The generated Excel file contains the following columns:
- Pair ID: Unique identifier for each pair of similar attributes
- Attribute: The attribute names being compared
- Similarity %: Percentage indicating how similar the attributes are
- Differences: Explicit description of what differs between the attributes
- Proposed Catsy Key: (For user input) Standardized key name
- Merge or Keep Separate?: (For user input) Decision column
- Pair ID to merge with: (For user input) For indicating related pairs
- NOTES: (For user input) Additional comments or observations
graph TD
User[User] --> |Accesses| WebUI[Streamlit Web Interface]
User --> |Or Runs| CLI[Command Line Interface]
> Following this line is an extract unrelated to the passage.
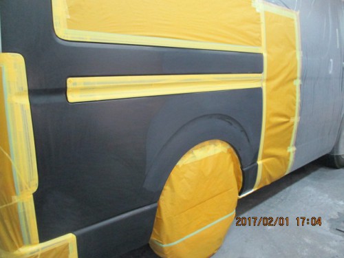 4 スライドドア、クオーターをマスキングして、プラサフを塗装します。
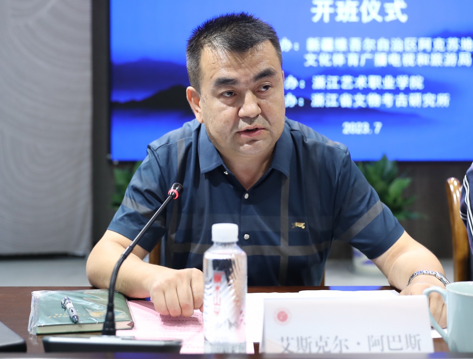 艾斯克尔·阿巴斯作开班动员。他代表阿克苏文旅局对给予关心、支持和帮助的浙江各级单位、专家表示感谢。他指出,举办培训班的目的是搭建一个相互了解、精度充电、交流提高的学习平台,培养一支综合素质高、专业技能强的高素质人才队伍,激发博工作者干事创业的工作热情,为阿克苏地区文博事业发展注入新的生机与活力。对本次班培训学员提出三点要求:首先要提高政治站位,统一思想认识,积极探索文博事业发展规律,学习借鉴浙江先进经验,加大文物保护展示利用力度,学会应用新技术、新方法,为今后迎接更大的挑战、取得更好的成绩打下坚实的基础;其次要认真贯彻落实,做到学思用结合,在深学践悟上多下功夫、在落地落实上多作文章;最后要严守培训纪律,提升培训实效,做到在思想上求实、作风上务实、行动上落实,牢固树立安全意识。

WebUI --> |Runs| App[app.py]
CLI --> |Runs| Script[attribute_analyzer.py]
subgraph Frontend
WebUI --> |Provides| Upload[File Upload]
WebUI --> |Sets| WebThreshold[Similarity Threshold]
WebUI --> |Shows| Viz[Data Visualizations]
WebUI --> |Downloads| Results[Results]
end
subgraph Backend
App --> |Imports| Analyzer[attribute_analyzer.py]
Script --> |Prompts| Threshold[Enter Similarity Threshold]
Analyzer --> |Contains| FindSimilar[find_similar_attributes]
FindSimilar --> |Uses| Normalize[normalize_text]
FindSimilar --> |Uses| CaseCheck[are_case_variants]
FindSimilar --> |Returns| Groups[Similar Groups]
Groups --> |Passed to| Print[print_similar_groups]
Groups --> |Passed to| Export[export_to_excel]
Export --> |Uses| GetFilename[get_unique_filename]
Export --> |Uses| FindDiff[find_differences]
end
subgraph Excel Generation
Export --> |Creates| Headers[Create Headers]
Export --> |Formats| Styles[Apply Styles]
Export --> |Writes| Data[Write Data]
Export --> |Adds| Comments[Add Comments]
Export --> |Sets| Format[Set Number Format]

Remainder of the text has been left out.